Prophylactic mass vaccination programmes are not a realistic option in the battle to prevent new Ebolavirus outbreaks, a University of the Kent-led research team has shown. The findings come as the World Health Organisation has announced a new Ebola virus outbreak in the Democratic Republic of Kongo.
The team analysed the prospects for various Ebolavirus vaccines and found that, for the foreseable future at least, Ebolavirus outbreak control depends on surveillance and the isolation of cases.
The researchers' analysis revealed that very high proportions of potentially affected populations would need to be protected by vaccination to establish herd immunity, i.e. the level of immunity that prevents virus transmission within a population.
The study, entitled Herd immunity to Ebolaviruses is not a realistic target for current vaccination strategies identified that, in the critical phases of many Ebola virus outbreaks, the average infected individual infects four or more other people, which enables the virus to spread rapidly.
At this level, 80% of a population would need to be immunized to prevent outbreaks, even if a highly effective vaccine that protects 90% of individuals after vaccination was available.

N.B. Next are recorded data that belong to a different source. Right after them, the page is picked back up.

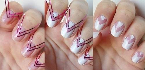- Приобретите трафареты в магазине или вырежьте полоски в форме буквы V из скотча.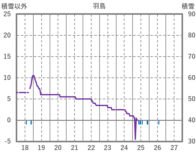 | 日 | 時 | 気温 | 降水 | 風向/風速 | 日照 | 積雪 | 降雪 |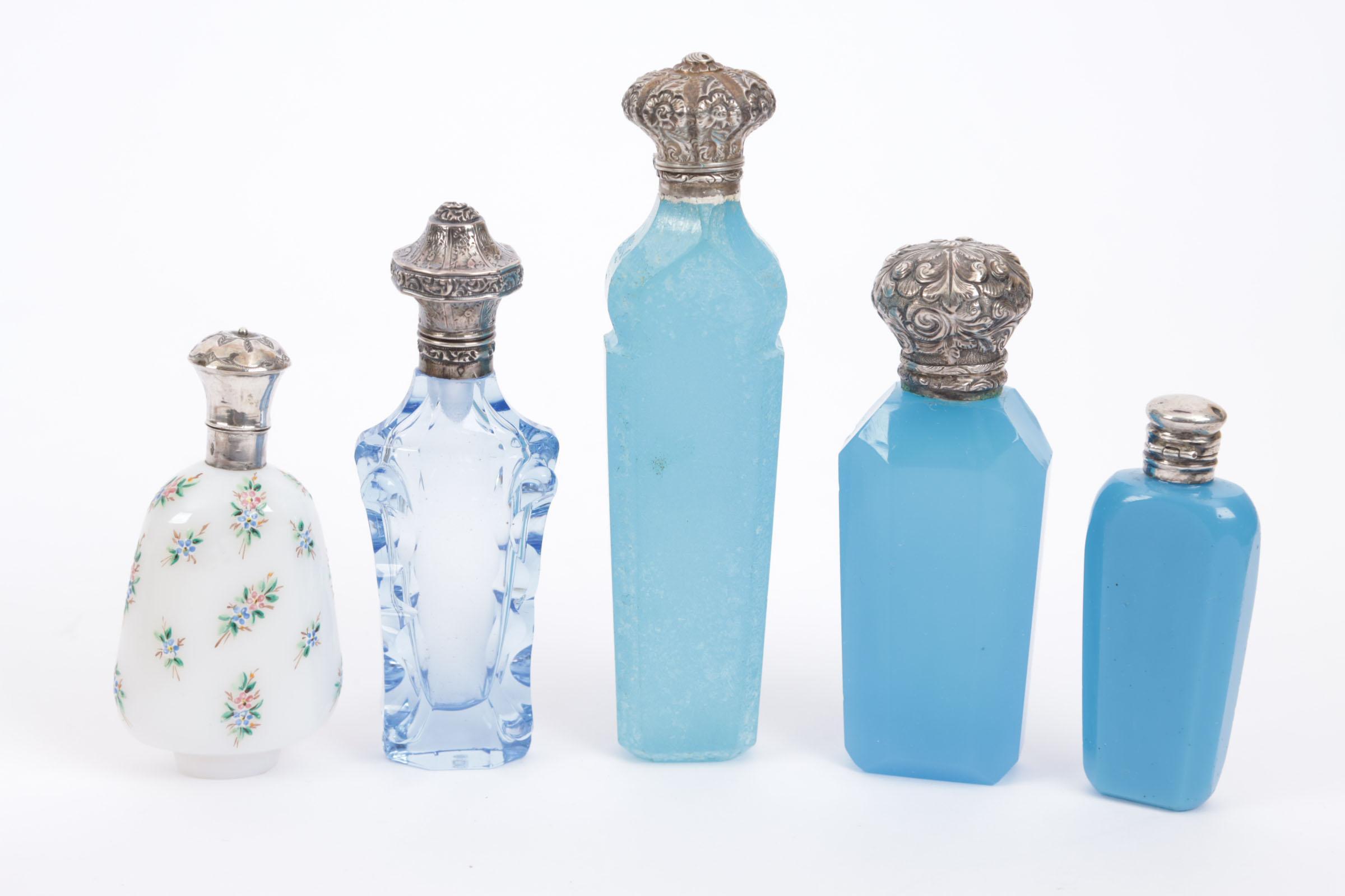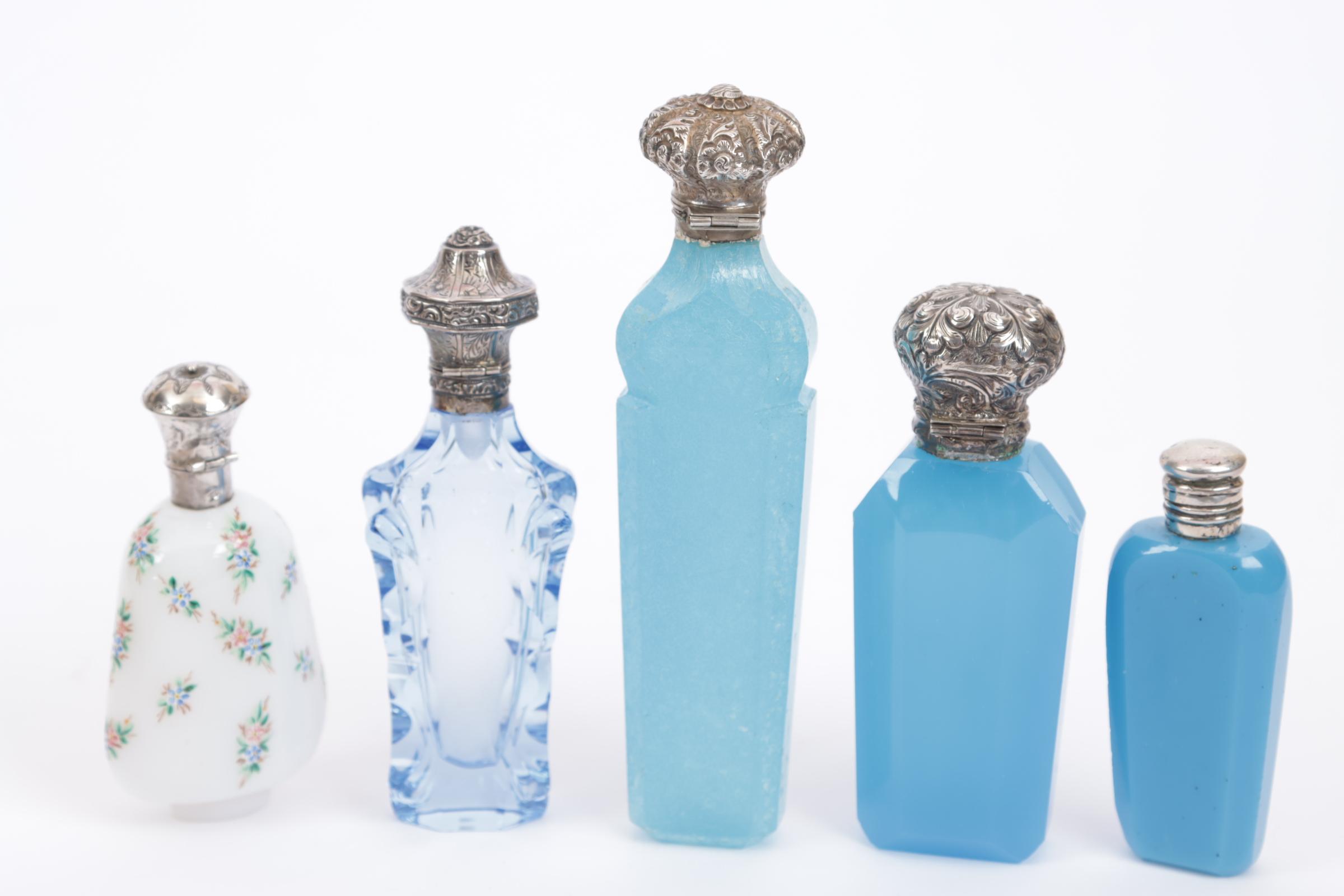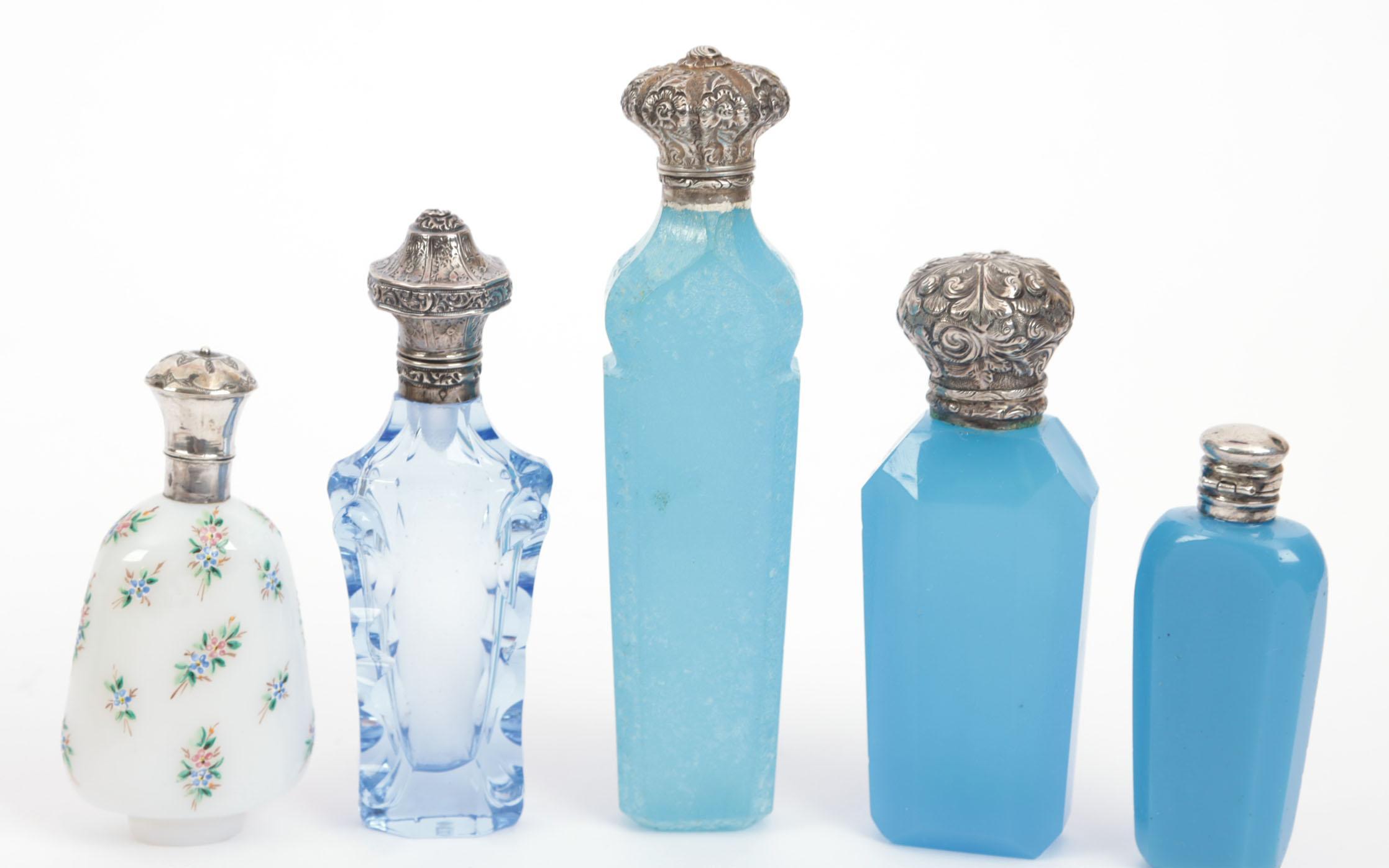 Verzameling van 5 parfumflesjes, waaronder 3 x blauw opaline flessen met zilveren dop, waarvan 2 met glazen binnenstop, 1e helft 19e eeuw-Frans, 1 transparant glazen fles met zilveren scharnierende dop, 1 witte opaline fles met emaile bloemdecoraties. scharnierende zilveren dop en glazen stopje, Nederlands keur, rond 1900, hoogte 8,5 cm

Such vaccination rates are currently unachievable. In a vaccination trial during the West African Ebola virus epidemic, only 49% of individuals who had been in contact with Ebola virus patients could be vaccinated. Thirty-four percent of contacts refused vaccination although they had been exposed to the disease.
There are currently no clinical vaccine candidates available that protect against all four human-pathogenic Ebolaviruses. It also remains unclear, say the researchers led by Professor Martin Michaelis, of Kent's School of Biosciences, whether the available vaccine candidates provide the long-term protection that is required for the sort of prophylactic mass vaccination programme that could prevent Ebola, which becomes repeatedly introduced into the human population from animal reservoirs.
A large vaccination programme would also be costly and impractical, the study points out. Costs for current Ebolavirus vaccine candidates are estimated to be in a range of US$ 15-20 per dose, with some 462 million people living in the areas affected by Ebolavirus outbreaks, many of them in very remote rural areas.
In the absence of a realistic prophylactic mass vaccination programme, the researchers conclude that clinical vaccine candidates will need to be focused on health care workers who are often involved in disease transmission, potentially in combination with the vaccination of patient contacts.